_WHAT THE EXERCISE ASKS:_ Without including any pictures, please copy every entry below exactly.

─── SOURCE DATA ───

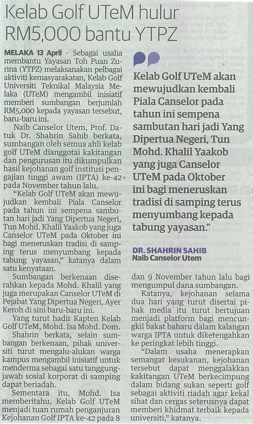 Kelab Golf UTeM hulur RM5000 bantu YTPZ
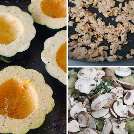 And it’s so easy, simply halve and hollow out acorn squash, then season with salt and roast in the oven. Nothing like warming up the kitchen on a blistery night with baked squash in the oven. While that bakes make the stuffing on the stove, then when the squash is ready fill it with the stuffing and serve – the results are a soft, flavorful squash filled with savory goodness!
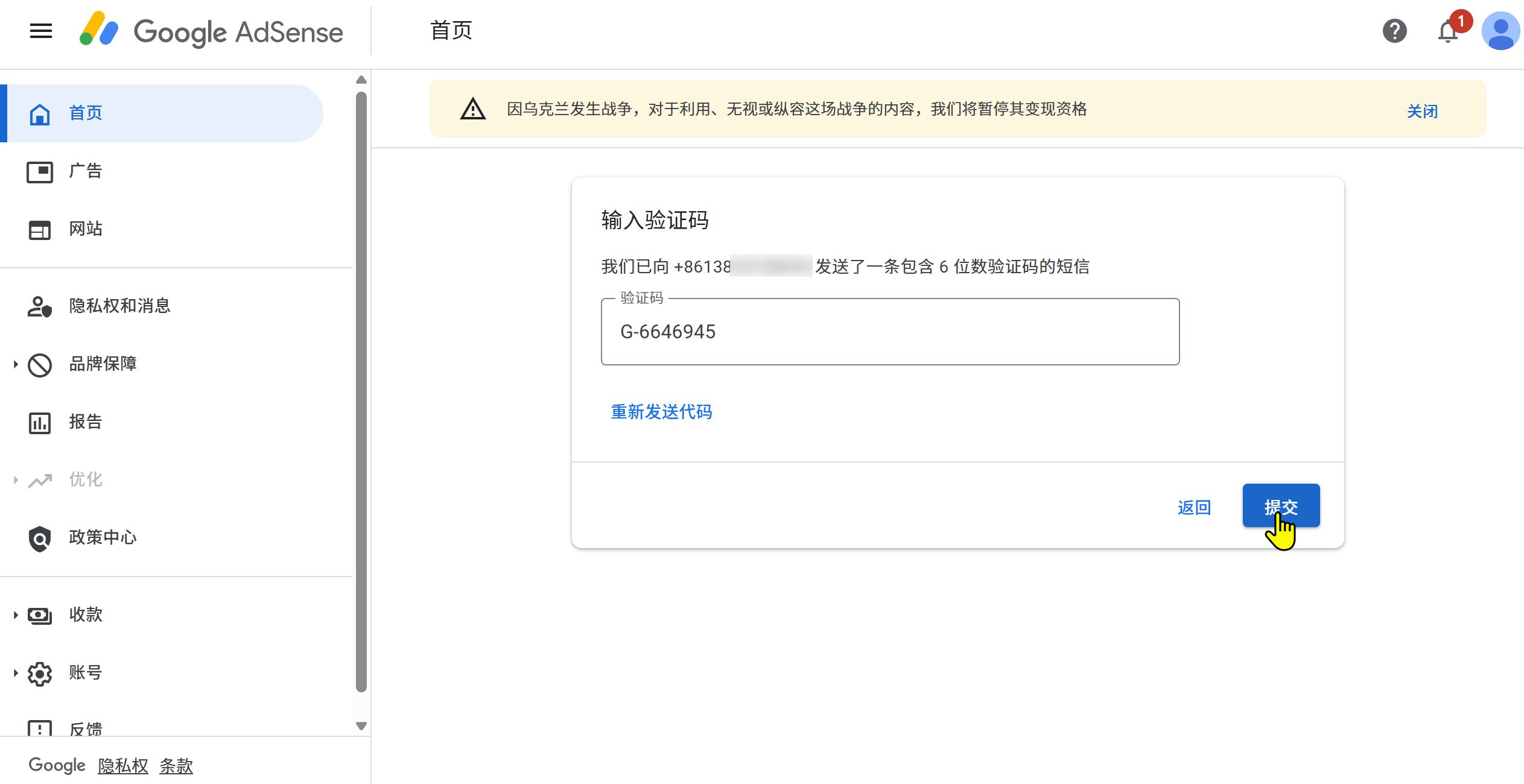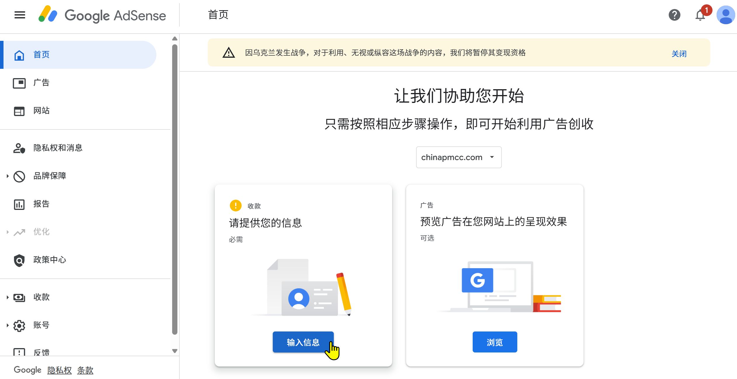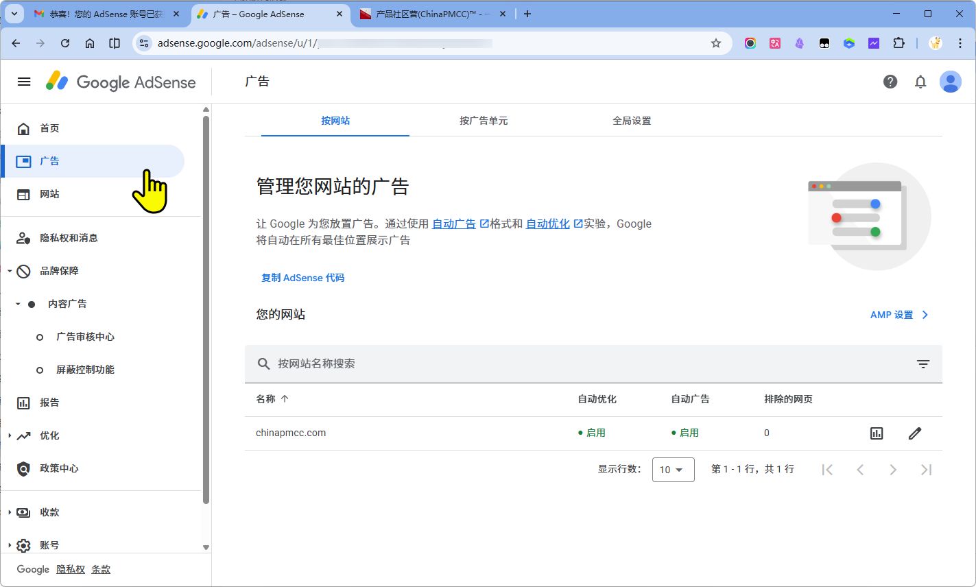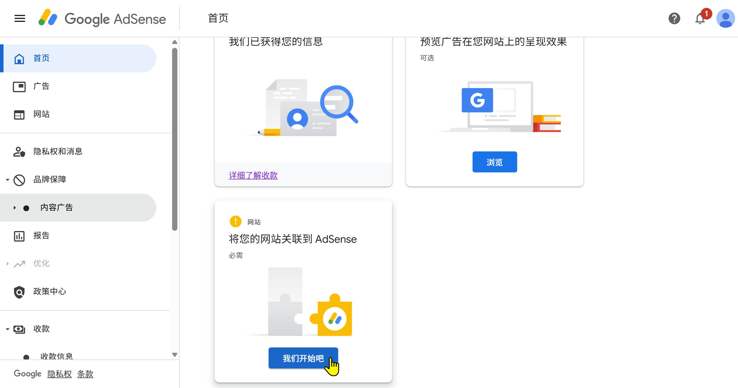 网站关联到AdSense
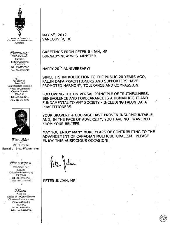本拿比—新西敏选区的国会议员Peter Julian的贺信
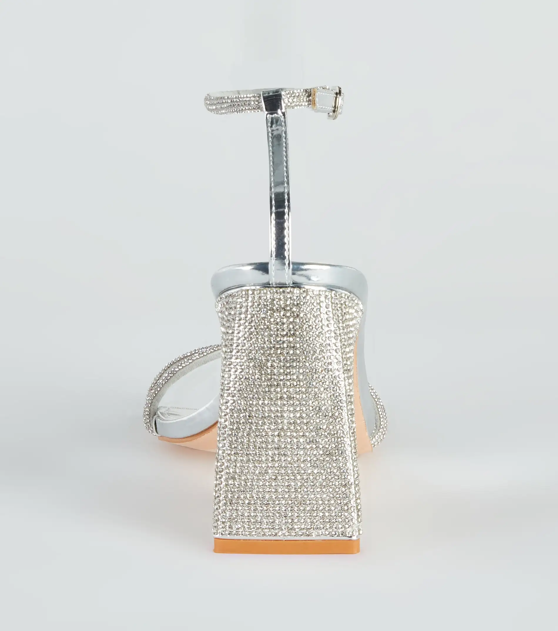 Elevate your look for a special occasion in these stunning heels featuring a sleek square toe, dual rhinestone toe straps, a metallic footbed, a triangular-shaped block heel embellished with rhinestones, and a rhinestone ankle strap with buckle closure. Complete the look with
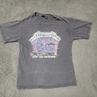 This Metallica "Ride The Lightning" graphic T-shirt features a bold design on a black cotton fabric, offering comfort and style. Suitable for casual wear. • Crew neck • Short sleeves • Graphic print • 100% cotton • Unisex sizing Minor collar wear, slight fading on the fabric. Top to bottom = 25 inches

───

_RESPONSE FOR THIS EXERCISE:_
 Kelab Golf UTeM hulur RM5000 bantu YTPZ
 And it’s so easy, simply halve and hollow out acorn squash, then season with salt and roast in the oven. Nothing like warming up the kitchen on a blistery night with baked squash in the oven. While that bakes make the stuffing on the stove, then when the squash is ready fill it with the stuffing and serve – the results are a soft, flavorful squash filled with savory goodness!
 网站关联到AdSense
本拿比—新西敏选区的国会议员Peter Julian的贺信
 Elevate your look for a special occasion in these stunning heels featuring a sleek square toe, dual rhinestone toe straps, a metallic footbed, a triangular-shaped block heel embellished with rhinestones, and a rhinestone ankle strap with buckle closure. Complete the look with
 This Metallica "Ride The Lightning" graphic T-shirt features a bold design on a black cotton fabric, offering comfort and style. Suitable for casual wear. • Crew neck • Short sleeves • Graphic print • 100% cotton • Unisex sizing Minor collar wear, slight fading on the fabric. Top to bottom = 25 inches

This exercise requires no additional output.